Security & Compliance
Faxbot is designed to handle sensitive healthcare data and can be configured for HIPAA compliance.
Security Features
- API Authentication: X-API-Key header protection
- HTTPS Enforcement: TLS 1.2+ for all communications
- Webhook Verification: HMAC signature validation
- OAuth2/JWT Support: Enterprise-grade authentication for MCP
- Audit Logging: Comprehensive logging for compliance
- PHI Protection: Configurable data handling policies
Compliance Considerations
Healthcare Users (HIPAA Required)
- Must use secure backends with Business Associate Agreements (BAAs)
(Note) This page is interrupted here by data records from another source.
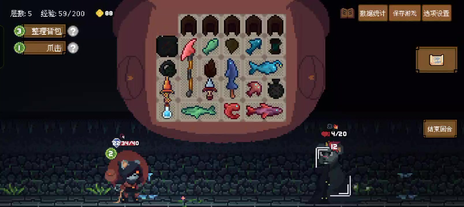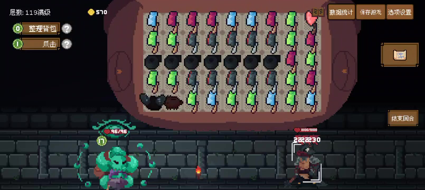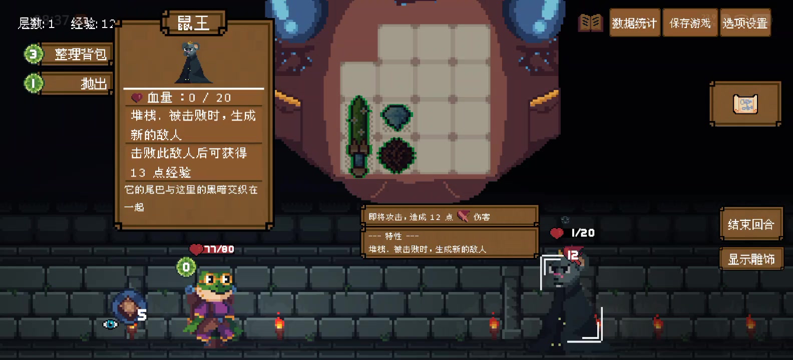 打鼠王被卡住了,应该被打死的可是没有反应,之后点武器还有回合结束都没有反应 #背包英雄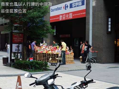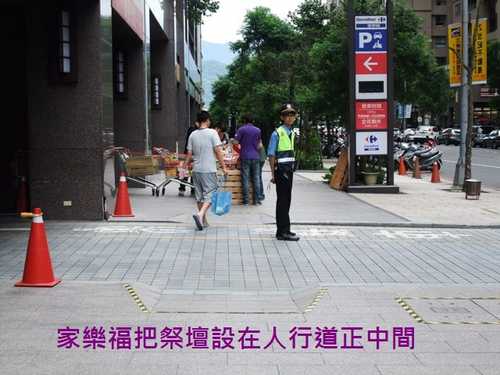 家樂福更是把祭壇設在無障礙坡道的正中間,不論是騎車或是推娃娃車,都得要繞道而行,完全無視民眾的觀感。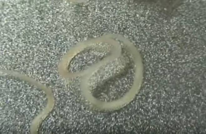 아가미를 들추면 모습을 드러내는 정체불명의 하얀색 벌레! 이 기생충의 이름은 '아감벌레'인데요.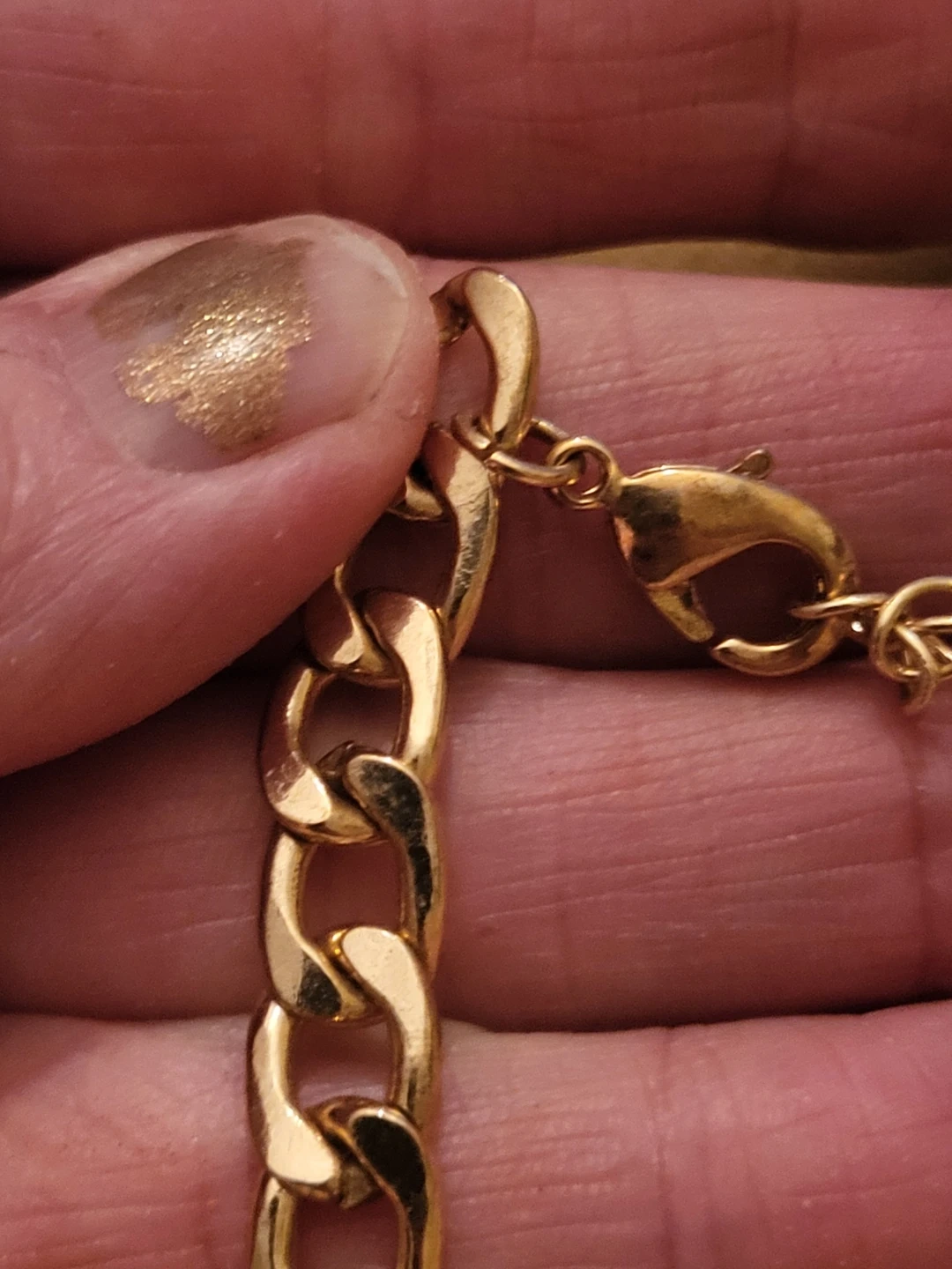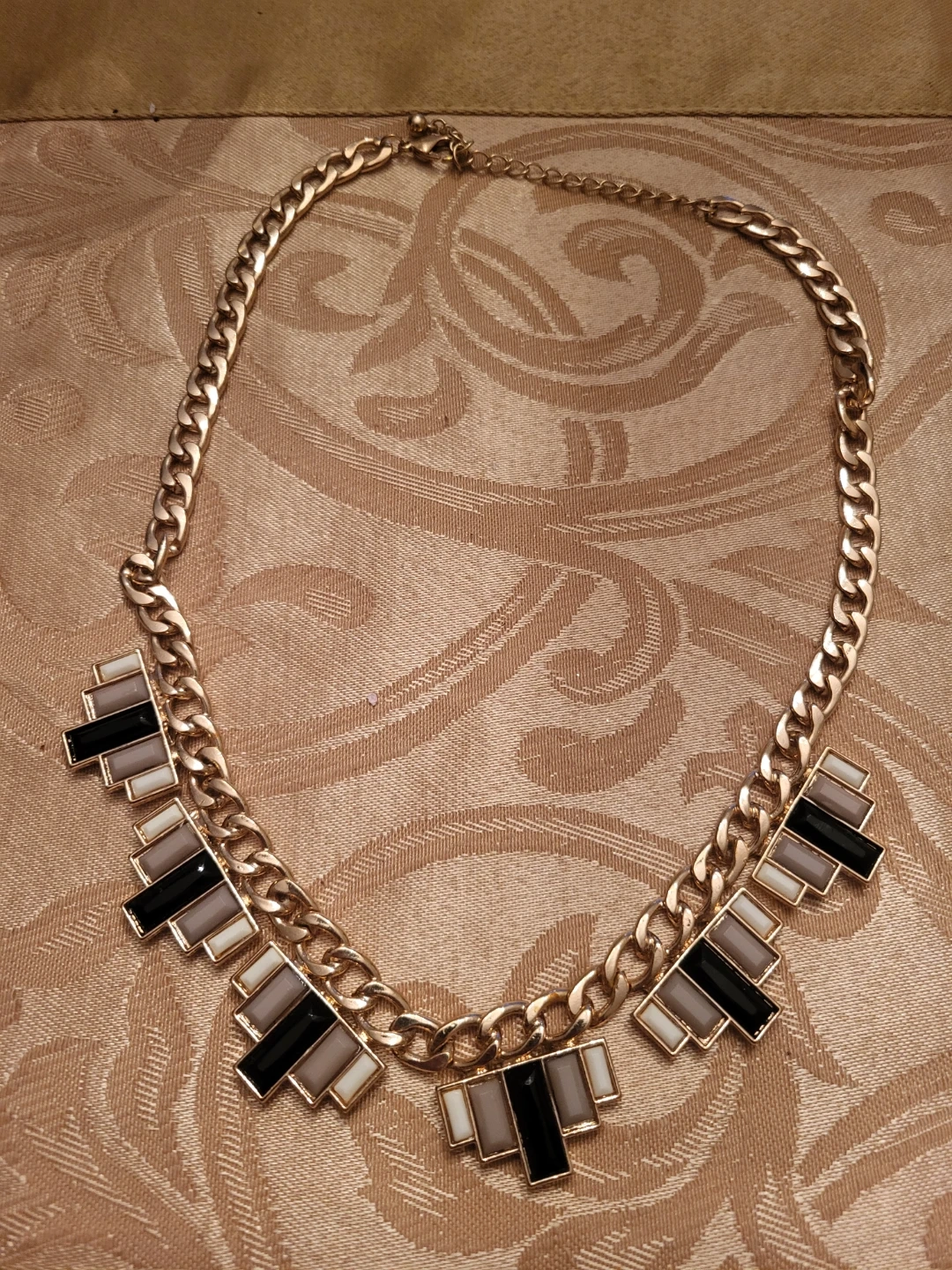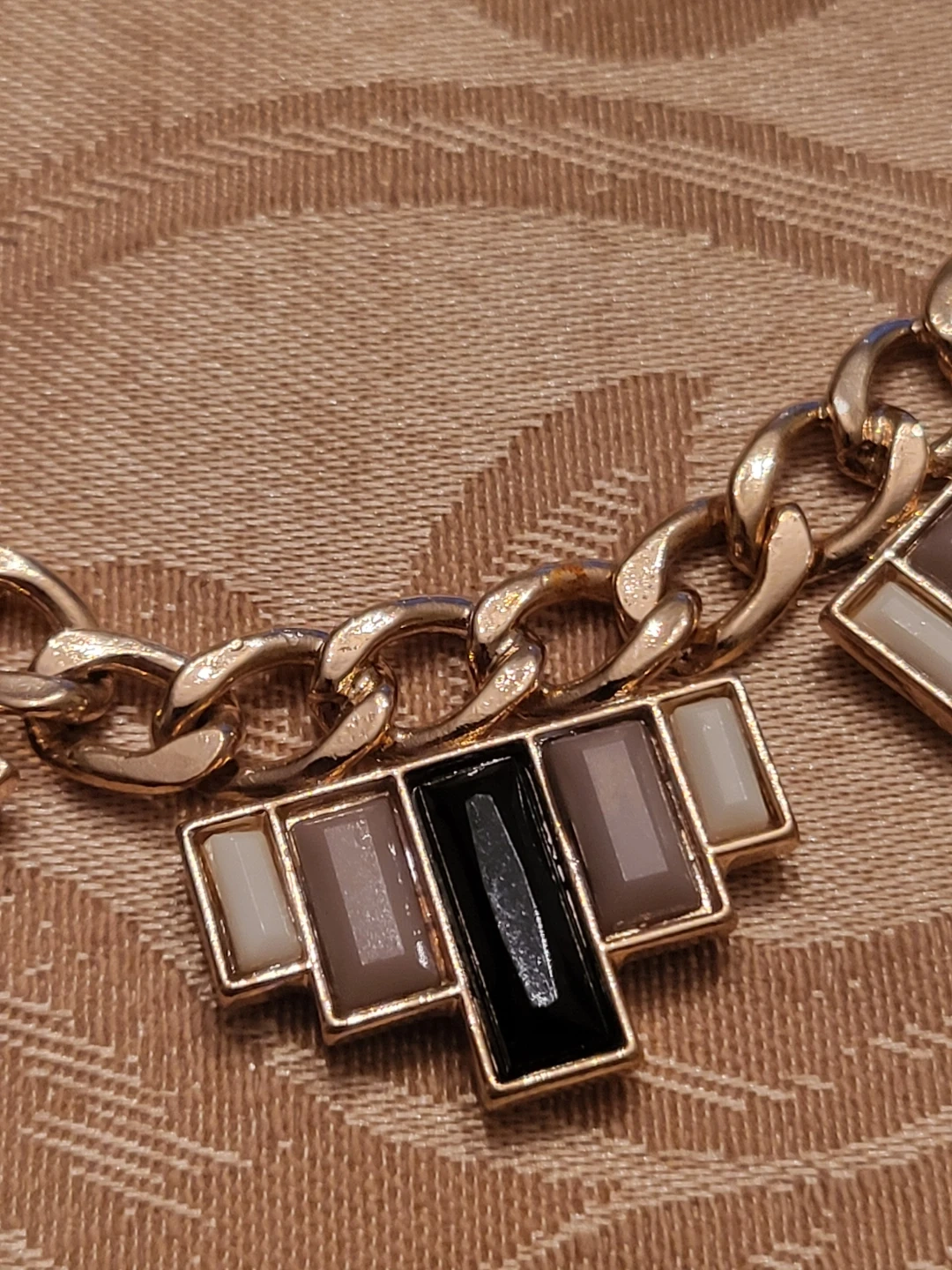 This gold tone necklace features a chunky curb chain with geometric pendant accents. The pendants have a mix of black, grey, and white inlay. It's secured with a lobster clasp.

- HTTPS enforcement required
- Audit logging enabled
- Strong authentication mandatory
BAAs & Audits (Enterprise)
If we host or operate Faxbot for you, we sign BAAs through a streamlined process and provide architecture documentation for reviews. We welcome security assessments and audits of our stack. See https://faxbot.net/compliance for an overview and contact options.
Non-Healthcare Users
- Relaxed security settings available for convenience
- Optional authentication
- Reduced logging overhead
- HTTP allowed in development
This documentation provides technical guidance, not legal advice. Always consult your compliance team and legal counsel for HIPAA requirements.